Train YOLOv8n on the COCO8 dataset for 100 epochs at image size 640. For a full list of available arguments see the Configuration page.

!!! Example

=== "Python"

    ```python
    from ultralytics import YOLO

    # Load a model
    model = YOLO('yolov8n.yaml')  # build a new model from YAML
    model = YOLO('yolov8n.pt')  # load a pretrained model (recommended for training)
    model = YOLO('yolov8n.yaml').load('yolov8n.pt')  # build from YAML and transfer weights

    # Train the model
    results = model.train(data='coco8.yaml', epochs=100, imgsz=640)
    ```
=== "CLI"

    ```bash
    # Build a new model from YAML and start training from scratch
    yolo detect train data=coco8.yaml model=yolov8n.yaml epochs=100 imgsz=640

    # Start training from a pretrained *.pt model
    yolo detect train data=coco8.yaml model=yolov8n.pt epochs=100 imgsz=640

    # Build a new model from YAML, transfer pretrained weights to it and start training
    yolo detect train data=coco8.yaml model=yolov8n.yaml pretrained=yolov8n.pt epochs=100 imgsz=640
    ```

Dataset format

YOLO detection dataset format can be found in detail in the Dataset Guide. To convert your existing dataset from other formats (like COCO etc.) to YOLO format, please use JSON2YOLO tool by Ultralytics.

Val

Validate trained YOLOv8n model accuracy on the COCO8 dataset. No argument need to passed as the model retains it's training data and arguments as model attributes.

!!! Example

=== "Python"

    ```python
    from ultralytics import YOLO

    # Load a model
    model = YOLO('yolov8n.pt')  # load an official model
    model = YOLO('path/to/best.pt')  # load a custom model

    # Validate the model
    metrics = model.val()  # no arguments needed, dataset and settings remembered
    metrics.box.map    # map50-95
    metrics.box.map50  # map50
    metrics.box.map75  # map75
    metrics.box.maps   # a list contains map50-95 of each category
    ```
=== "CLI"

    ```bash
    yolo detect val model=yolov8n.pt  # val official model
    yolo detect val model=path/to/best.pt  # val custom model
    ```

Predict

Use a trained YOLOv8n model to run predictions on images.

!!! Example

=== "Python"

    ```python
    from ultralytics import YOLO

    # Load a model
    model = YOLO('yolov8n.pt')  # load an official model
    model = YOLO('path/to/best.pt')  # load a custom model

    # Predict with the model
    results = model('https://ultralytics.com/images/bus.jpg')  # predict on an image
    ```
=== "CLI"

    ```bash
    yolo detect predict model=yolov8n.pt source='https://ultralytics.com/images/bus.jpg'  # predict with official model
    yolo detect predict model=path/to/best.pt source='https://ultralytics.com/images/bus.jpg'  # predict with custom model
    ```

See full predict mode details in the Predict page.

Export

Export a YOLOv8n model to a different format like ONNX, CoreML, etc.

!!! Example

=== "Python"

    ```python
    from ultralytics import YOLO

    # Load a model
    model = YOLO('yolov8n.pt')  # load an official model
    model = YOLO('path/to/best.pt')  # load a custom trained model

    # Export the model
    model.export(format='onnx')
    ```
=== "CLI"

    ```bash
    yolo export model=yolov8n.pt format=onnx  # export official model
    yolo export model=path/to/best.pt format=onnx  # export custom trained model
    ```

Available YOLOv8 export formats are in the table below.

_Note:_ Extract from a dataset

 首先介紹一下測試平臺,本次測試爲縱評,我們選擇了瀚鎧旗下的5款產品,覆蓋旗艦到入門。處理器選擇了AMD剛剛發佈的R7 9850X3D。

You can predict or validate directly on exported models, i.e. yolo predict model=yolov8n.onnx. Usage examples are shown for your model after export completes.

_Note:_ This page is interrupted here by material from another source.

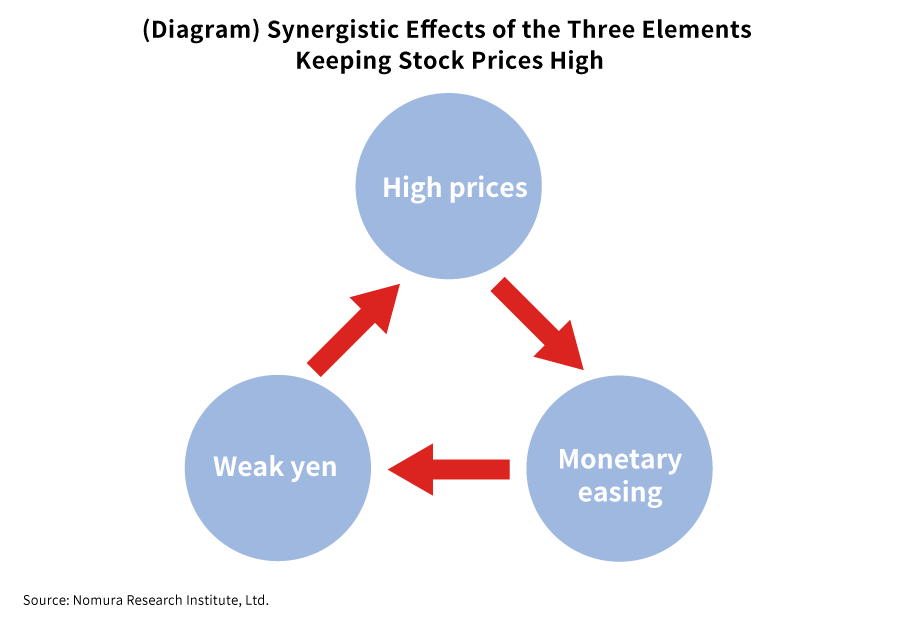Thus, I believe one could say that as the depreciation of the yen, high prices, and monetary easing have worked together synergistically, stock prices have been pushed upward (diagram).

Format format Argument Model Metadata Arguments
PyTorch - yolov8n.pt -
TorchScript torchscript yolov8n.torchscript imgsz, optimize, batch
ONNX onnx yolov8n.onnx imgsz, half, dynamic, simplify, opset, batch
OpenVINO openvino yolov8n_openvino_model/ imgsz, half, int8, batch
TensorRT engine yolov8n.engine imgsz, half, dynamic, simplify, workspace, batch
CoreML coreml yolov8n.mlpackage imgsz, half, int8, nms, batch
TF SavedModel saved_model yolov8n_saved_model/ imgsz, keras, int8, batch
TF GraphDef pb yolov8n.pb imgsz, batch
TF Lite tflite yolov8n.tflite imgsz, half, int8, batch
TF Edge TPU edgetpu yolov8n_edgetpu.tflite imgsz, batch
TF.js tfjs yolov8n_web_model/ imgsz, half, int8, batch
PaddlePaddle paddle yolov8n_paddle_model/ imgsz, batch
NCNN ncnn yolov8n_ncnn_model/ imgsz, half, batch

See full export details in the Export page.